[파이썬] statsmodels 분포 적합성 검정

In statistical analysis, it is common to assess the goodness of fit of a probability distribution to a given dataset. The statsmodels library in Python provides a convenient way to perform various distributional fitting tests to evaluate the suitability of different distributions.

In this blog post, we will learn how to use statsmodels for distribution fitting tests in Python.

Getting Started

Before we can perform distribution fitting tests, we need to install the statsmodels library. You can install it using pip:

pip install statsmodels

Once the installation is complete, we can import the necessary modules and functions:

import numpy as np
import statsmodels.api as sm
from scipy import stats

Distribution Fitting Tests

To perform distribution fitting tests using statsmodels, we typically follow these steps:

  1. Generate or import a dataset.
  2. Fit a distribution to the dataset.
  3. Perform a goodness-of-fit test to evaluate the fitting.

Let’s explore a couple of examples to understand these steps.

Example 1: Normal Distribution

Suppose we have a dataset that we believe follows a normal distribution. We can perform the normality test using the statsmodels library. Here’s how to do it:

# Step 1: Generate or import dataset
np.random.seed(0)
data = np.random.normal(0, 1, 1000)

# Step 2: Fit a distribution
params = stats.norm.fit(data)
sample_mean = np.mean(data)
sample_std = np.std(data)

# Step 3: Perform goodness-of-fit test
kstest_result = stats.kstest(data, 'norm', args=params)
adtest_result = stats.anderson(data, 'norm')

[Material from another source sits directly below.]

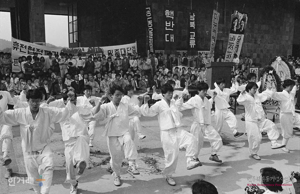 - 1988년 4월 28일 오후1시 서울대 연세대 고려대 등 서울시내 10여개대 대학생 1천 5백여명이 서울대 아크로폴리스광장에서 지난 86년 전방입소반대시위당시 분신자살한 서울대생 김세진 이재호열사의 2주기 추도식을 갖고 추모사업회를 발족시키고 있다.

print(f"Sample Mean: {sample_mean:.3f}")
print(f"Sample Std: {sample_std:.3f}")
print("Kolmogorov-Smirnov Test:")
print(f"  Statistic: {kstest_result.statistic:.3f}")
print(f"  P-value: {kstest_result.pvalue:.3f}")
print("Anderson-Darling Test:")
print(f"  Statistic: {adtest_result.statistic:.3f}")
print(f"  Critical Values: {adtest_result.critical_values}")

In this example, we generate a random dataset of size 1000 from the standard normal distribution. We then use the fit function from the scipy.stats module to estimate the parameters of the normal distribution. Finally, we perform the Kolmogorov-Smirnov (KS) test and the Anderson-Darling (AD) test to assess the goodness of fit. The results include the sample mean, sample standard deviation, test statistics, and p-values.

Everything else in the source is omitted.